The first major test of her skills was to be a dinner party that Sunday, January 22, only two days after their arrival in the White House. All weekend, in addition to interviewing staff, scrutinizing art and antiques from the National Gallery and the Smithsonian Institute, attending a swearing-in ceremony downstairs in the East Room for members of the Cabinet, and periodically halting everything to greet visitors whom Jack brought up to the family quarters, she tirelessly planned for Sunday night.

She went from room to room, upstairs and down, deciding which to use, devising the choreography of entrances and exits, and calculating how things would look from each guest's point of view.  She pushed and pulled heavy furniture in an effort to make the spaces more visually appealing....

She conferred constantly with Mr. West, whom she had quickly realized would be her most important ally, and whom she soon came to love for all he taught her as well as for his ability to make her laugh in difficult situations.  She made voluminous lists on the yellow lined pads that would soon become familiar to the White House staff, and wrote up every minuscule detail with the seriousness of a general readying his troops for a decisive battle.

=======================
Jack and Jackie were consummate performers individually, but it was as a team that they were at their most dazzling, and they reveled in their joint performance.  That first Sunday night in the White House was to prove no exception.  Jackie, as was her custom, wrote, choreographed, and stage-designed an evening of pure theater.  Jack had only to make his entrance and hit his marks.  ...

Both Kennedys were still in Florida when Joseph Alsop asked them to his Georgetown home on January 21, that same Saturday, to meet his fiancée.  The fifty-year-old Alsop, who had a secret life as a homosexual, was about to enter a platonic marriage with a friend's widow, and some people in Washington half joked that he was motivated by a desire to avoid embarrassment to the new president, whom he expected to see a good deal of socially in the next four years. 

...During his early career as a congressman, JFK had been a guest at a number of Alsop's dinner parties, until his flippant remark that there never seemed to be any pretty girls in attendance irritated Alsop, who cut off further invitations.  Kennedy was reinstated after he took up with Jackie....

Alsop had been an influential supporter of JFK during the presidential campaign....As the President was already booked for the evening of the 21st, Jackie invited Alsop and his fiancée to dinner on Sunday instead.  Exquisitely attuned to matters of status and favor, Alsop was certain to appreciate that the invitation was a coup, something to crow about to his vast network of rich and influential friends around the world.

It was what Alsop would say afterward to those people that really mattered to Jackie.  [end excerpts]-------------------------

====================  I began reading about Jacqueline Bouvier Kennedy after 1994, when she died.  All these people being interviewed on TV talked about her -- Letitia Baldrige:  "Oh, she was so well-read!"  And Jack Valenti recalling Mrs.
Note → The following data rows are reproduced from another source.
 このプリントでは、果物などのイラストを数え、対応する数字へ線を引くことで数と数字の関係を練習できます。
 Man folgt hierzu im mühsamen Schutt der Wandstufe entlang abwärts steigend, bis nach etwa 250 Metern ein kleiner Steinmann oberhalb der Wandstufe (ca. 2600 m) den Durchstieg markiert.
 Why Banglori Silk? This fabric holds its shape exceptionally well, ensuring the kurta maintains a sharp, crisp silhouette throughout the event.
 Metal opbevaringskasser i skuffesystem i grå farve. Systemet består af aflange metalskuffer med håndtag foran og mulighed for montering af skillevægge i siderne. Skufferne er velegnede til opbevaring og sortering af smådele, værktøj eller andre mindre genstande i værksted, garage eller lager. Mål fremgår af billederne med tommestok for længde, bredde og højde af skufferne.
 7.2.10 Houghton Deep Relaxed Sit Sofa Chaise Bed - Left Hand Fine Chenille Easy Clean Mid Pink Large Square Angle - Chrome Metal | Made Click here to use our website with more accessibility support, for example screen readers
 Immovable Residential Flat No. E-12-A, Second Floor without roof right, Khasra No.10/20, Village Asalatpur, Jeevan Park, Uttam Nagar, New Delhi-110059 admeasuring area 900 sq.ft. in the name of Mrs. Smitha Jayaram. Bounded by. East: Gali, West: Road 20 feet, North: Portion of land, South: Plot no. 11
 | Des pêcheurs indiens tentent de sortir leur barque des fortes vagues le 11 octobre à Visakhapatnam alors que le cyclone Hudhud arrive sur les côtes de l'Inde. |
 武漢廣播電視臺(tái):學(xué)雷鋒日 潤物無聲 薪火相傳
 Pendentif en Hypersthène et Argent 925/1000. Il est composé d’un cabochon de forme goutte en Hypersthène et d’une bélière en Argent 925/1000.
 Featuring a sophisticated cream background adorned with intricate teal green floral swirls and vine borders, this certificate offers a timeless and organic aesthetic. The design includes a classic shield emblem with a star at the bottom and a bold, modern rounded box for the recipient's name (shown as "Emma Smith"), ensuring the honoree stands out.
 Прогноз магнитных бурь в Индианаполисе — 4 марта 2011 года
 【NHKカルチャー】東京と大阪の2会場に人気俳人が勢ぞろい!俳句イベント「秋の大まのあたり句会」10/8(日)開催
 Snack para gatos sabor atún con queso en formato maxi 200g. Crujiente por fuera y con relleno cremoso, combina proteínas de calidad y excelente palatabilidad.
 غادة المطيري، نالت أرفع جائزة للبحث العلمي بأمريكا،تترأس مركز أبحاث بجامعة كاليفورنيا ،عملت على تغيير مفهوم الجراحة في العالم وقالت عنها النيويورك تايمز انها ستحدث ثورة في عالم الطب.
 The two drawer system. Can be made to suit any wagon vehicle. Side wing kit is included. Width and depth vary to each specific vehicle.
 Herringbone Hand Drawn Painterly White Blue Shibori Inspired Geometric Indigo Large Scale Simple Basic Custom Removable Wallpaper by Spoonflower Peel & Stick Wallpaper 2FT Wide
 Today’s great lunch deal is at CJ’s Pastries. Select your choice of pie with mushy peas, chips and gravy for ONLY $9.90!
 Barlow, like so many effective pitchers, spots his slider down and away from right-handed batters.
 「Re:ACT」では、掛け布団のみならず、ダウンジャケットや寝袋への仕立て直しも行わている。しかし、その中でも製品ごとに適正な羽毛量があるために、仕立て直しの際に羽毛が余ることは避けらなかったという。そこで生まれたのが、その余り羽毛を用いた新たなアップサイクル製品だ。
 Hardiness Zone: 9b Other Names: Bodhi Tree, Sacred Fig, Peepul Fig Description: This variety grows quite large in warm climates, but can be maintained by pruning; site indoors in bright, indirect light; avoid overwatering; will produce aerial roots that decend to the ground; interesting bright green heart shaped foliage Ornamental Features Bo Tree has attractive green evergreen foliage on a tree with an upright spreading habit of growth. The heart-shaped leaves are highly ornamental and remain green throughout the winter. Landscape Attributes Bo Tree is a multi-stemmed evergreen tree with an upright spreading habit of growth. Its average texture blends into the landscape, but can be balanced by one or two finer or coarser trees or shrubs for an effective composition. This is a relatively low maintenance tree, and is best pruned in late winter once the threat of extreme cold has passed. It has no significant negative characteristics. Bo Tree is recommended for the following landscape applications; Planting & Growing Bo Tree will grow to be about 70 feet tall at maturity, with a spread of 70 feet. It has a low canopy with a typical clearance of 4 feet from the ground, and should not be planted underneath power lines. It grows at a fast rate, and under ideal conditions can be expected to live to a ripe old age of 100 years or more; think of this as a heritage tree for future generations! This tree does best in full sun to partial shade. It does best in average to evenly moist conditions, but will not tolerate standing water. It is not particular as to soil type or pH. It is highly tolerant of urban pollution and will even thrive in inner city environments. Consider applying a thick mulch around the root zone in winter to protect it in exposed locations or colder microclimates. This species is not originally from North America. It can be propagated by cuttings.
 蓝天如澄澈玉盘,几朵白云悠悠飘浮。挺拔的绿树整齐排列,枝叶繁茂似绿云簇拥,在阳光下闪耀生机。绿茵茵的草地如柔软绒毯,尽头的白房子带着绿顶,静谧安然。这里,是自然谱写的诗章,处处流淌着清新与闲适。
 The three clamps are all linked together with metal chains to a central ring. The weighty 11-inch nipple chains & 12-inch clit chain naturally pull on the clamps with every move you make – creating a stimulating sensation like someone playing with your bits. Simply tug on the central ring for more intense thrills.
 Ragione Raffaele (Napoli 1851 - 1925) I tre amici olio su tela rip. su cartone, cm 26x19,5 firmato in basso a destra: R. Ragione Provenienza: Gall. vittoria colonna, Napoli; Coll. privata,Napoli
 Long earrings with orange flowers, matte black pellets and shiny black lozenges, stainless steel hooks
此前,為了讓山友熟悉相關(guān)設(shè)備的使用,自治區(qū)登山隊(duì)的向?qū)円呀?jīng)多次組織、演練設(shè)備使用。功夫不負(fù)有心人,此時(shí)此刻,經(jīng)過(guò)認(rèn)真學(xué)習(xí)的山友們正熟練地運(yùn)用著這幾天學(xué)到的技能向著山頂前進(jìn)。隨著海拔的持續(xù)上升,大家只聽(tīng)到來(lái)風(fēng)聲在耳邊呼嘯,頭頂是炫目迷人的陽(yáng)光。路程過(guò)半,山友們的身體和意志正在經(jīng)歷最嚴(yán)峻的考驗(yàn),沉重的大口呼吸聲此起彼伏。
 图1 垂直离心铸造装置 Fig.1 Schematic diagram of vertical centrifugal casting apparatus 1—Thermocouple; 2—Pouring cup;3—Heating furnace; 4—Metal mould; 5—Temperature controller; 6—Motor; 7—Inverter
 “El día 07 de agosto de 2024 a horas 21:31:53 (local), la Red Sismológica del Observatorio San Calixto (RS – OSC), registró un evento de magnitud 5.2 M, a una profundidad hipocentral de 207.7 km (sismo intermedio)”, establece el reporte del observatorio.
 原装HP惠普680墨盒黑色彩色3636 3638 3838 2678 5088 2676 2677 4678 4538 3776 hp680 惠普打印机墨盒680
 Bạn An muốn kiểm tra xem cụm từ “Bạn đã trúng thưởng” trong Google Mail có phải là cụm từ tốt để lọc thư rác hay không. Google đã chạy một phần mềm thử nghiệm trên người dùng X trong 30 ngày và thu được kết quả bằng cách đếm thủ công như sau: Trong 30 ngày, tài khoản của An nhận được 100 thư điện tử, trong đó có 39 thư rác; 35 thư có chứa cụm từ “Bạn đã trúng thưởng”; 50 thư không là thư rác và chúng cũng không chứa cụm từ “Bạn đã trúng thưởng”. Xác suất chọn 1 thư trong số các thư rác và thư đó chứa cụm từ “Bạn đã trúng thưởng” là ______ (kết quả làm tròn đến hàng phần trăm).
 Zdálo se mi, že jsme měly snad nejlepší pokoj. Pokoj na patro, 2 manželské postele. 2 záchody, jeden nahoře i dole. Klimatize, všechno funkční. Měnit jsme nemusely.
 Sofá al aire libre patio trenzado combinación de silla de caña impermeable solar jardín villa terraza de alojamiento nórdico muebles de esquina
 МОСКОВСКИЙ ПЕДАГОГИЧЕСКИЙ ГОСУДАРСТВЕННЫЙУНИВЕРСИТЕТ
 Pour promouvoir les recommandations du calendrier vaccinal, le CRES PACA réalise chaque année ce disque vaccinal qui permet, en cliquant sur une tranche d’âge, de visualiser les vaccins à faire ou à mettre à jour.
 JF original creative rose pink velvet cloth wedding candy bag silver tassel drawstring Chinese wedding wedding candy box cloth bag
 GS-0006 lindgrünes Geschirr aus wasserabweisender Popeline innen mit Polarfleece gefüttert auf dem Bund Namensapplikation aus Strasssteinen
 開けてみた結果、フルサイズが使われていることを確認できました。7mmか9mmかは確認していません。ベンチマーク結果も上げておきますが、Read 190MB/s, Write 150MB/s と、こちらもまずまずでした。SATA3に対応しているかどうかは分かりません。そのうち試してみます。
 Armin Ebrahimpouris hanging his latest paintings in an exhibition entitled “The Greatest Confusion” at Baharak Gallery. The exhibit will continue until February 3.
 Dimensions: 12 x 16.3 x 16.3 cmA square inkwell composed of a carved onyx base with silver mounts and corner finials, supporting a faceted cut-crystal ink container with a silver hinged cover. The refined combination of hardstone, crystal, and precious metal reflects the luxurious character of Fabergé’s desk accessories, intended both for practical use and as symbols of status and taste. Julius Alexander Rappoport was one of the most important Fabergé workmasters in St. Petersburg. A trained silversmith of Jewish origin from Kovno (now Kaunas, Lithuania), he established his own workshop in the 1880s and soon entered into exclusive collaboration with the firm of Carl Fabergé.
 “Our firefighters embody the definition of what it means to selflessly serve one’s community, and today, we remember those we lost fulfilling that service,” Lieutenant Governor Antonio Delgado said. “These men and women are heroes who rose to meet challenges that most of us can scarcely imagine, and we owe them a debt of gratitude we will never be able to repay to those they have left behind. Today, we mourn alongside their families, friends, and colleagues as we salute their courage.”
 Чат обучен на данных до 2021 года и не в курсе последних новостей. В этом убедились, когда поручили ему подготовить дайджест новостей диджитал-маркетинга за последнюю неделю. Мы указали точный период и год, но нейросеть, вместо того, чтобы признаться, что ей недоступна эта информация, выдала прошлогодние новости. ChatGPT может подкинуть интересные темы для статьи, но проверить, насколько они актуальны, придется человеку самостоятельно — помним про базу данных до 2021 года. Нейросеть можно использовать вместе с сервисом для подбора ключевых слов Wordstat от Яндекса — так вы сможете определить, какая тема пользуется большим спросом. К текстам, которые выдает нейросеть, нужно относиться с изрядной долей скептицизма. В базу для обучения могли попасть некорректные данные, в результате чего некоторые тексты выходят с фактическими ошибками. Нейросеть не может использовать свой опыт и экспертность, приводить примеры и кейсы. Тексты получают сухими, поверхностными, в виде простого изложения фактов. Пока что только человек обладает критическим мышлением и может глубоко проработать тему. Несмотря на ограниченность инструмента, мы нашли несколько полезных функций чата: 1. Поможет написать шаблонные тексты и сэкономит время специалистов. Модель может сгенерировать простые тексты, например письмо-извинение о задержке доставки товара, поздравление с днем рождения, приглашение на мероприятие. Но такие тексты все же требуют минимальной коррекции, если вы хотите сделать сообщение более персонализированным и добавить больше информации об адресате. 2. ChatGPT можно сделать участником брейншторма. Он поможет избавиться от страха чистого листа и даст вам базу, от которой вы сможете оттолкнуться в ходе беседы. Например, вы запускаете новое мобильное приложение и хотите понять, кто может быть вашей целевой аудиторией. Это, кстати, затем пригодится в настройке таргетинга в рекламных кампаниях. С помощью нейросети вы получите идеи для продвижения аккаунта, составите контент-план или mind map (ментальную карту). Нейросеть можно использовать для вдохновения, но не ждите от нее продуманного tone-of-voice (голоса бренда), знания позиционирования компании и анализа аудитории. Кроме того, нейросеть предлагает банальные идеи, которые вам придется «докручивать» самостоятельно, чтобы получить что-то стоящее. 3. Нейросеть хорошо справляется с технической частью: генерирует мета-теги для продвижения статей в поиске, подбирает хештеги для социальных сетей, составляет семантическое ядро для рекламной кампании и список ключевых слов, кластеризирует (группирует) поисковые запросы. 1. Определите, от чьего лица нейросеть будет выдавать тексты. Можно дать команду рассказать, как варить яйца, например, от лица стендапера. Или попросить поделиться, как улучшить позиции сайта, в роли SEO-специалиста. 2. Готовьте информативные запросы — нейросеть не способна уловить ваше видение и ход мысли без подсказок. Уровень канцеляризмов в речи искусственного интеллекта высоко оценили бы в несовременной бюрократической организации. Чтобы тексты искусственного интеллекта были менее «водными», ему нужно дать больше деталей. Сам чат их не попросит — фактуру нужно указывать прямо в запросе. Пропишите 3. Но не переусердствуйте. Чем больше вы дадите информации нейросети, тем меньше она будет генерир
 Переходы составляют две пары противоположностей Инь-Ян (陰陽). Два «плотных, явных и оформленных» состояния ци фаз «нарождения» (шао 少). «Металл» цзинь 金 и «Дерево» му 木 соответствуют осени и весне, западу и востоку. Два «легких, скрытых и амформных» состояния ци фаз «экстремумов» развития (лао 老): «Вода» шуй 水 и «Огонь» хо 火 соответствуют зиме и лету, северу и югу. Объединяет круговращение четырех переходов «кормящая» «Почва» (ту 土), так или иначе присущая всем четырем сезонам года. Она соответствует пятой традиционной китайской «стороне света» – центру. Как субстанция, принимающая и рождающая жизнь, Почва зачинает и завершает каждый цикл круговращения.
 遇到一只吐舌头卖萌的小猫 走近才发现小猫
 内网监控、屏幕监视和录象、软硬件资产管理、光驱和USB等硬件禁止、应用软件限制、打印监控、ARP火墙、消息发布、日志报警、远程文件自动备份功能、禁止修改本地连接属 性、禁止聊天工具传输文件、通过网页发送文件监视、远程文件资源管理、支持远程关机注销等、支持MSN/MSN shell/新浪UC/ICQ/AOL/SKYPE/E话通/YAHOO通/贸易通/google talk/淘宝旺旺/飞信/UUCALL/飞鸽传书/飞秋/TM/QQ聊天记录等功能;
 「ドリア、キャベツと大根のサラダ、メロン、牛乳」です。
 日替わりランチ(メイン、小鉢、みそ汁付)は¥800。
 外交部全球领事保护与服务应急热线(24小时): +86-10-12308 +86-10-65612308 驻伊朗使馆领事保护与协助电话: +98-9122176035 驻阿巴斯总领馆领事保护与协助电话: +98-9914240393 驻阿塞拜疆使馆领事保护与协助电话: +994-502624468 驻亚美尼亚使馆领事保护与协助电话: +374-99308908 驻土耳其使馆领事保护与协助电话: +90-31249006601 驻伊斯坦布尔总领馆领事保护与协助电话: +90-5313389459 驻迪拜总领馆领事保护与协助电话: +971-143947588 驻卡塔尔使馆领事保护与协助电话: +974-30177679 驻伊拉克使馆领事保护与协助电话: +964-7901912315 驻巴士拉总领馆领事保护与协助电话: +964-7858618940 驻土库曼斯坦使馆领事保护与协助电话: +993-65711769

Onassis phoning him up about a book deal, etc.  I saw the photos and clips and listened to people talk, and became interested, involuntarily.

I read these descriptions, steeped in the style of their era, & they seem to me both close-by, and far-away, at the same time.  Both familiar and foreign.  Easily imaginable, and other-worldly. 
Now, total relatability;
now, bizarre.

The -- balancing, and management -- of high callings and crushing disappointments and mundane day-to-day and world peace, etc.